## Data provided
· · · · ·
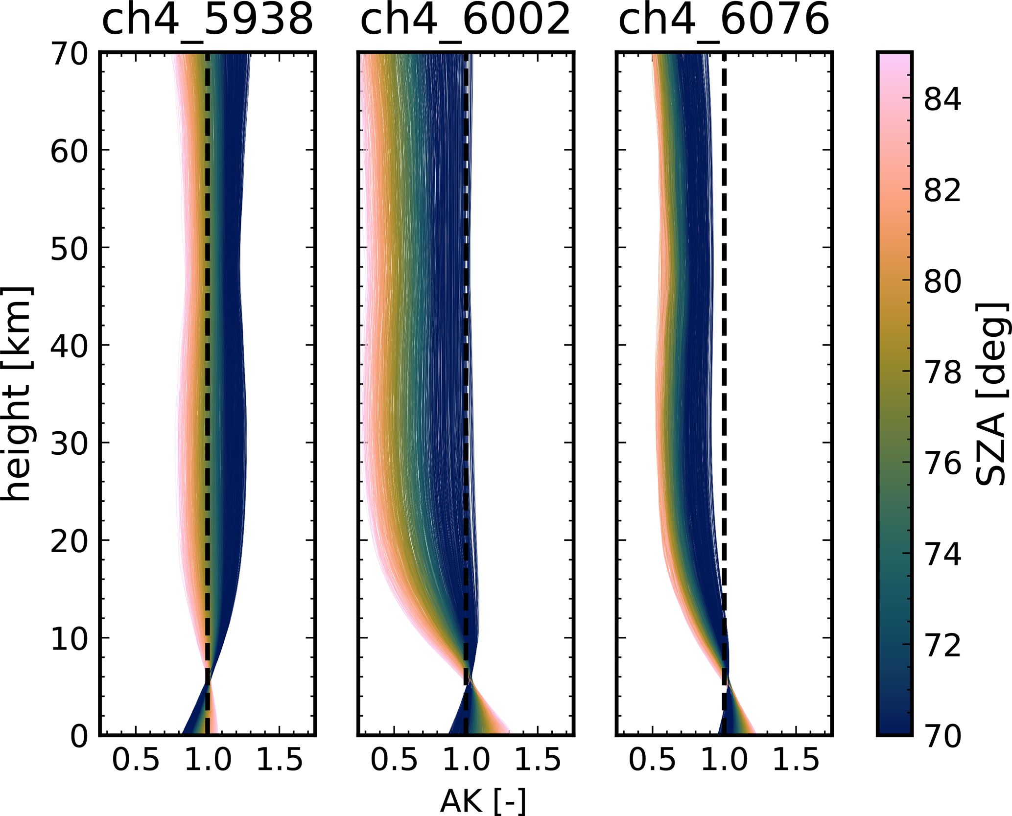 Figure 19 shows the AKs for 1000 randomly sampled spectra from NYA with XHF > 100 ppt between January and May using the standard prior. The 6002 and 6076 cm−1 windows show a similar shape, with values below 1 in the stratosphere and values above 1 in the troposphere. However, the 6002 cm−1 window shows a stronger deviation from 1, with values down to 0.3 in the stratosphere compared to 0.6 for the 6067 cm−1 window. The 5938 cm−1 window shows a similar shape for SZAs larger than roughly 77°. Below this threshold, the AK is above 1 in the stratosphere and below 1 in the troposphere. The deviation from 1 is relatively small in this window, with values ranging between 0.8 and 1.2. In general, the AK is increasingly deviating from 1 for high SZAs, as we have already seen in Fig. 5.
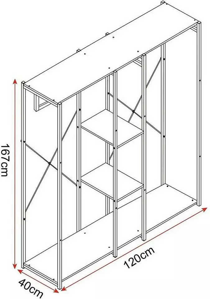 - Maße: 120 x 40 x 167 cm ( L x T x H )
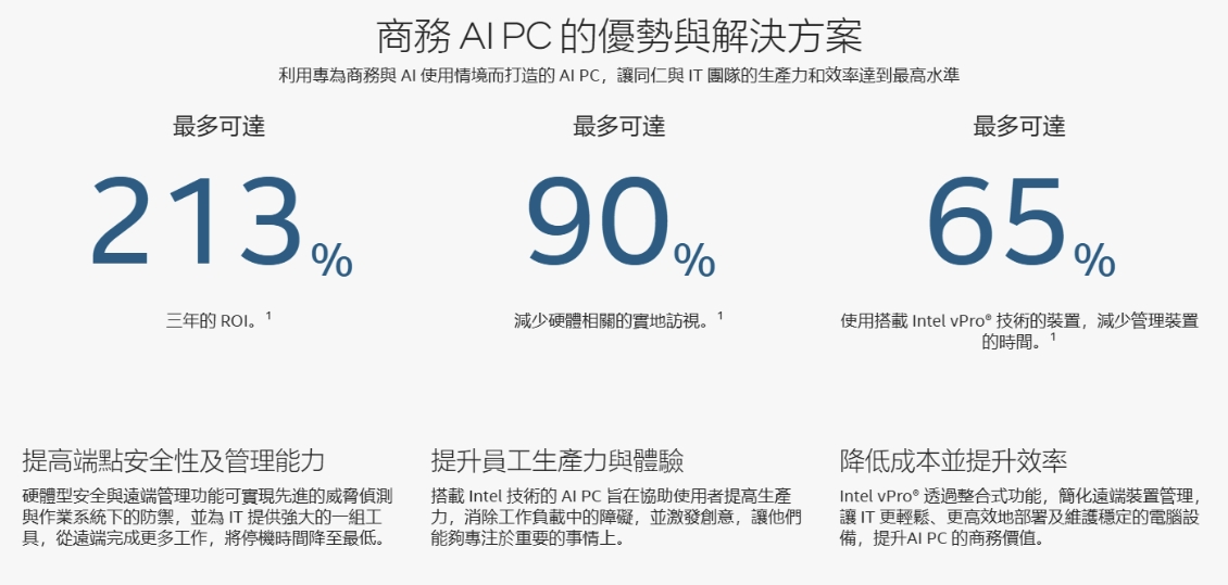 • Intel vPro 平台是一個可靠的企業級平台,協助 IT 管理人員在資訊安全與維護管理上有效管理終端使用者的電腦設備,同時幫助企業以更少的中斷時間維持設備正常運作。
· · · · ·
## Your instructions
Every line of the data above should be repeated exactly. Omit the pictures.

## Solution for this problem
 Figure 19 shows the AKs for 1000 randomly sampled spectra from NYA with XHF > 100 ppt between January and May using the standard prior. The 6002 and 6076 cm−1 windows show a similar shape, with values below 1 in the stratosphere and values above 1 in the troposphere. However, the 6002 cm−1 window shows a stronger deviation from 1, with values down to 0.3 in the stratosphere compared to 0.6 for the 6067 cm−1 window. The 5938 cm−1 window shows a similar shape for SZAs larger than roughly 77°. Below this threshold, the AK is above 1 in the stratosphere and below 1 in the troposphere. The deviation from 1 is relatively small in this window, with values ranging between 0.8 and 1.2. In general, the AK is increasingly deviating from 1 for high SZAs, as we have already seen in Fig. 5.
 - Maße: 120 x 40 x 167 cm ( L x T x H )
 • Intel vPro 平台是一個可靠的企業級平台,協助 IT 管理人員在資訊安全與維護管理上有效管理終端使用者的電腦設備,同時幫助企業以更少的中斷時間維持設備正常運作。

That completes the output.